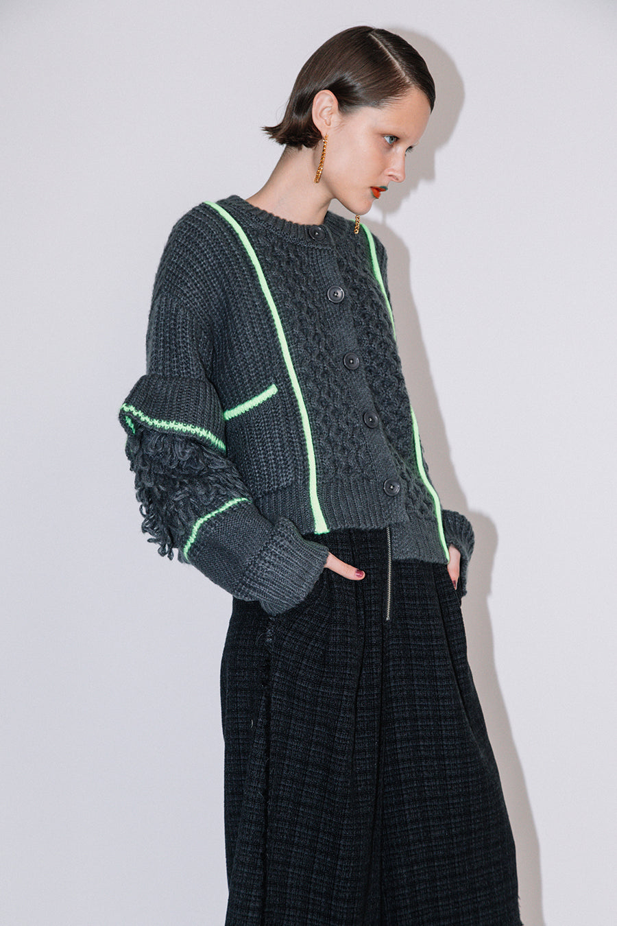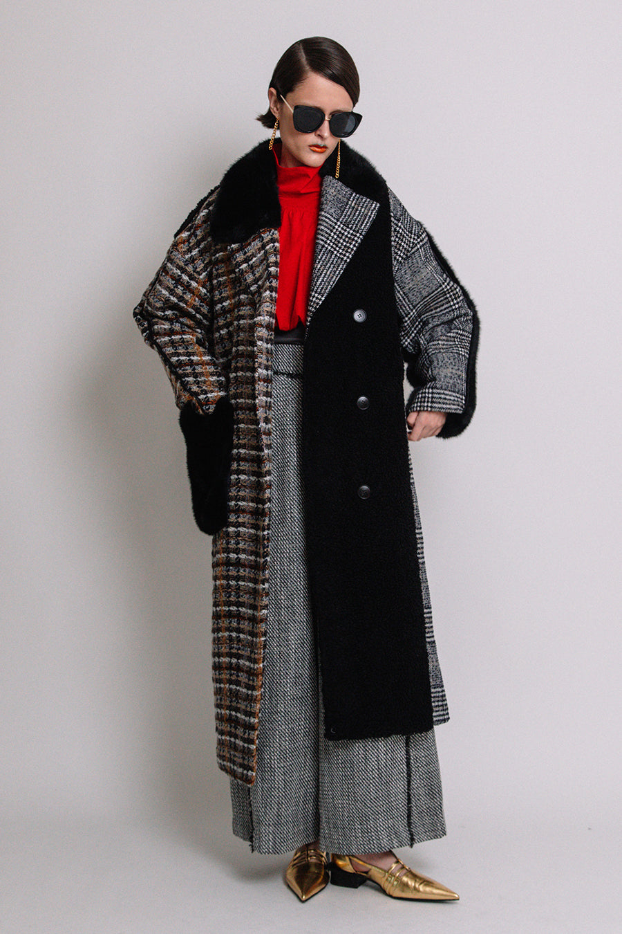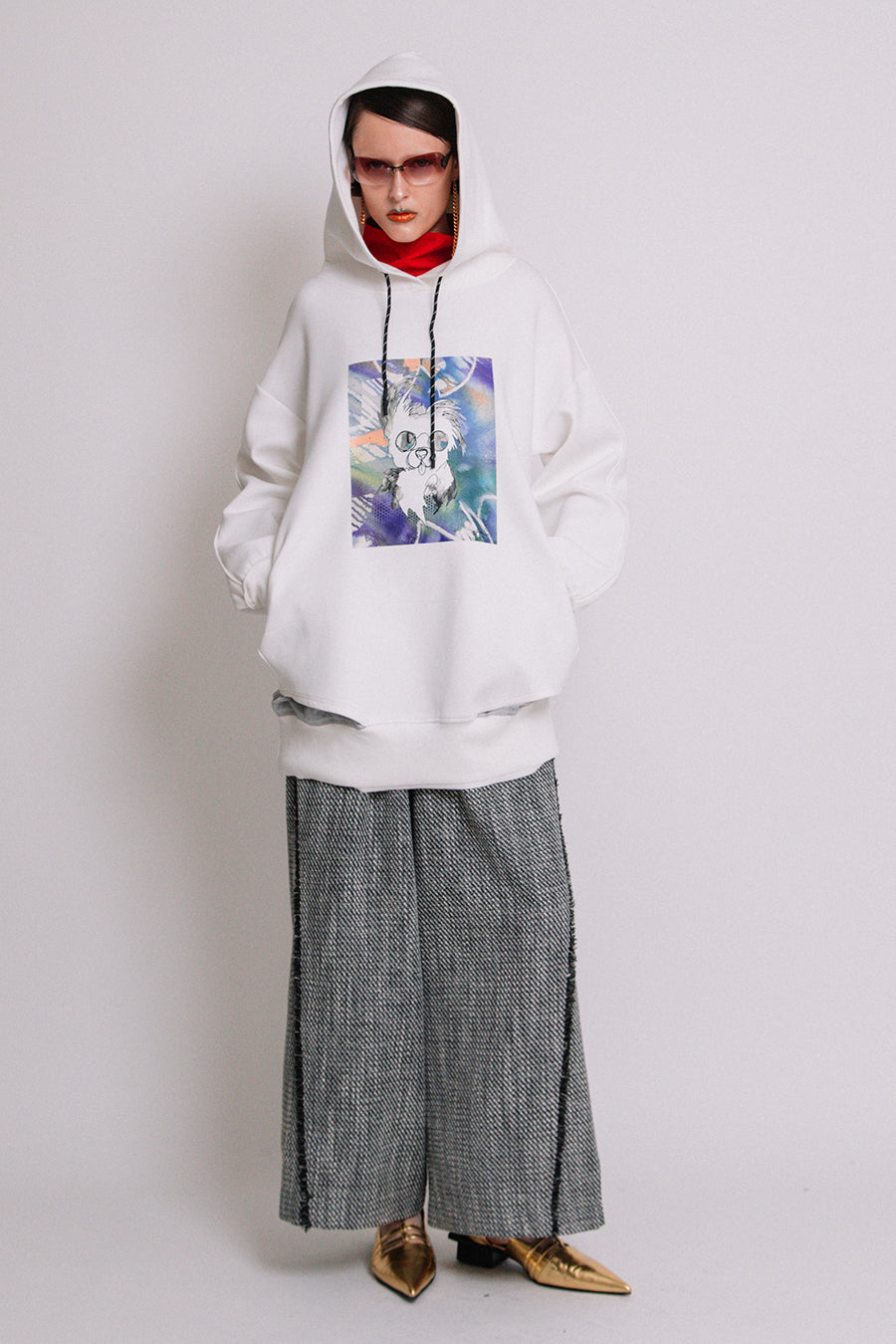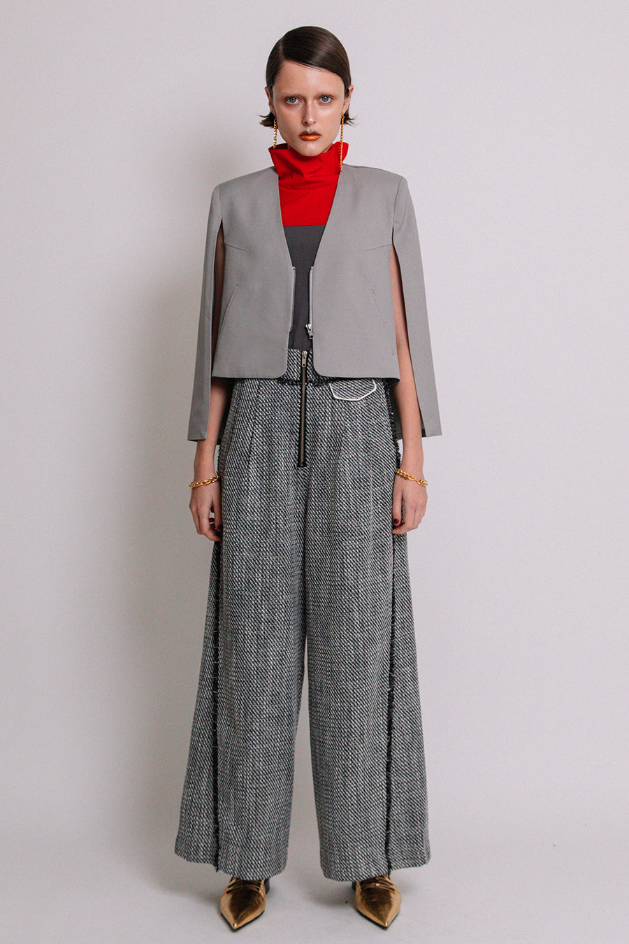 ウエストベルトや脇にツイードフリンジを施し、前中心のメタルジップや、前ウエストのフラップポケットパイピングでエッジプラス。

---

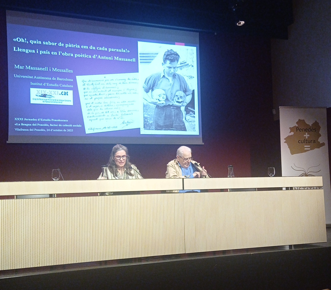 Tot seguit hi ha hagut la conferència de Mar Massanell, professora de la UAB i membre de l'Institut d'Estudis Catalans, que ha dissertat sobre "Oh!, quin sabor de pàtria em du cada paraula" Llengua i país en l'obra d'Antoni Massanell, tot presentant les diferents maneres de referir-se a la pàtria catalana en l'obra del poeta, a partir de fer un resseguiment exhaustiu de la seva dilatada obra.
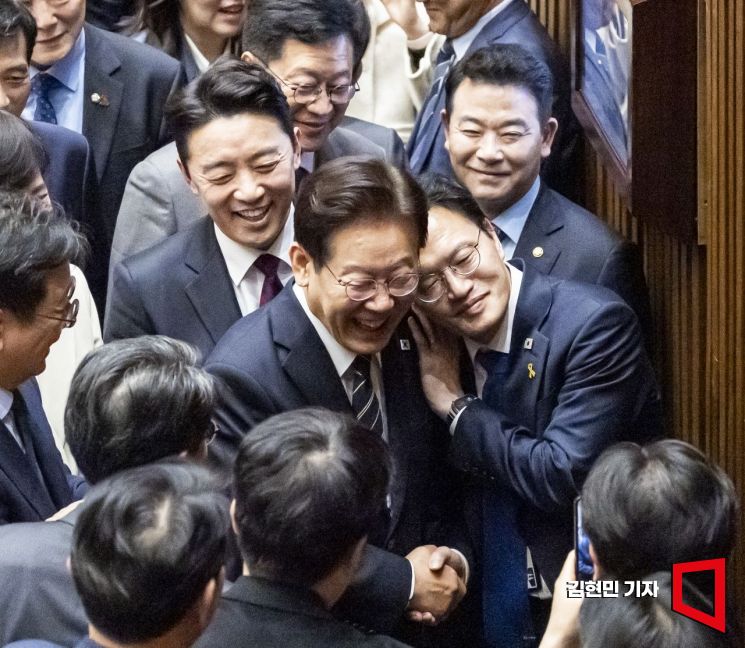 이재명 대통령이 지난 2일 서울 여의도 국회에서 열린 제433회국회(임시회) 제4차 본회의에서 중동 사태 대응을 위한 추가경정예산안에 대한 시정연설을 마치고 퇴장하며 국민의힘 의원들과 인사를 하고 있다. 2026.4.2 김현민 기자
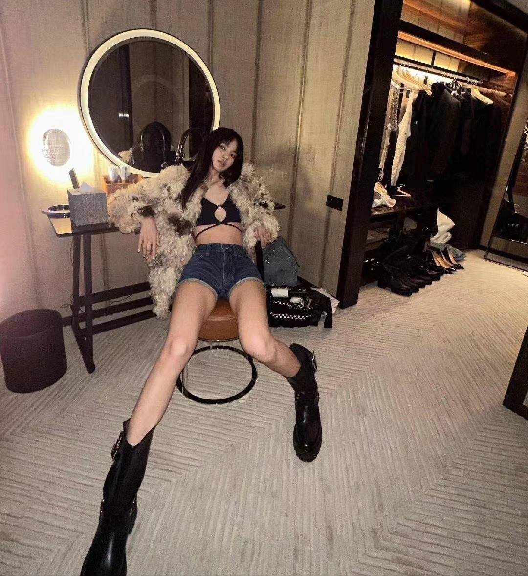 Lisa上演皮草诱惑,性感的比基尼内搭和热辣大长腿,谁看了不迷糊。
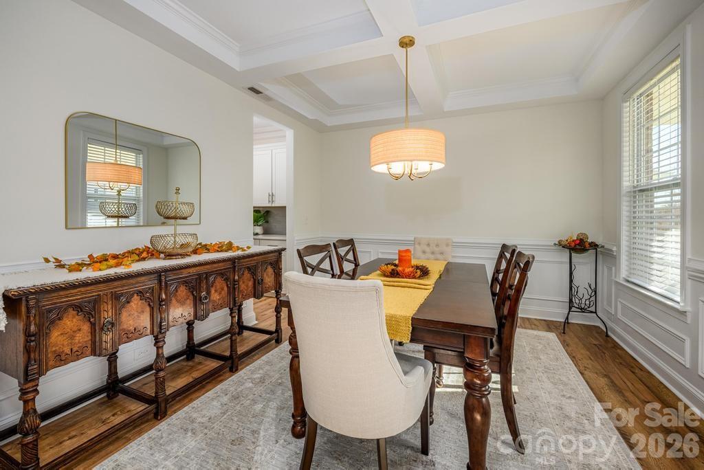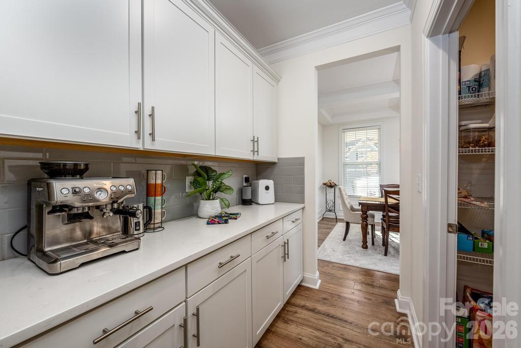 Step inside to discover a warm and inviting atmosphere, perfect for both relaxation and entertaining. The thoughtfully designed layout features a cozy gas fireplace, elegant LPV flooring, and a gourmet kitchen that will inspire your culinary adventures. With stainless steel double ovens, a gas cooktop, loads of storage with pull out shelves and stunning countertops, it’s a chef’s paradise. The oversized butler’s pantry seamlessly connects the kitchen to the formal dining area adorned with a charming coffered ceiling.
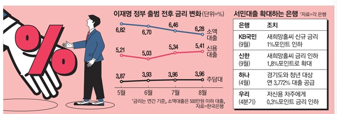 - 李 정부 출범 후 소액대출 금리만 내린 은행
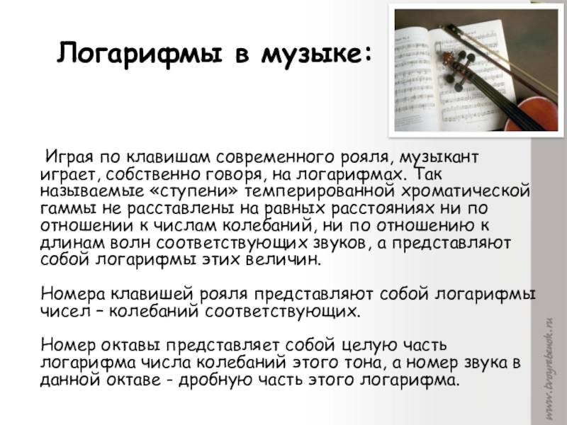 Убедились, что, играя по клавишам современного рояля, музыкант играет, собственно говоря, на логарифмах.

## Exercise prompt
In the data above, the stretch from the line with "이재명 대통령이 지난" through the line with "Убедились, что, играя" is to be returned exactly, minus any pictures.

## Answer for this exercise
 이재명 대통령이 지난 2일 서울 여의도 국회에서 열린 제433회국회(임시회) 제4차 본회의에서 중동 사태 대응을 위한 추가경정예산안에 대한 시정연설을 마치고 퇴장하며 국민의힘 의원들과 인사를 하고 있다. 2026.4.2 김현민 기자
 Lisa上演皮草诱惑,性感的比基尼内搭和热辣大长腿,谁看了不迷糊。
 Step inside to discover a warm and inviting atmosphere, perfect for both relaxation and entertaining. The thoughtfully designed layout features a cozy gas fireplace, elegant LPV flooring, and a gourmet kitchen that will inspire your culinary adventures. With stainless steel double ovens, a gas cooktop, loads of storage with pull out shelves and stunning countertops, it’s a chef’s paradise. The oversized butler’s pantry seamlessly connects the kitchen to the formal dining area adorned with a charming coffered ceiling.
 - 李 정부 출범 후 소액대출 금리만 내린 은행
 Убедились, что, играя по клавишам современного рояля, музыкант играет, собственно говоря, на логарифмах.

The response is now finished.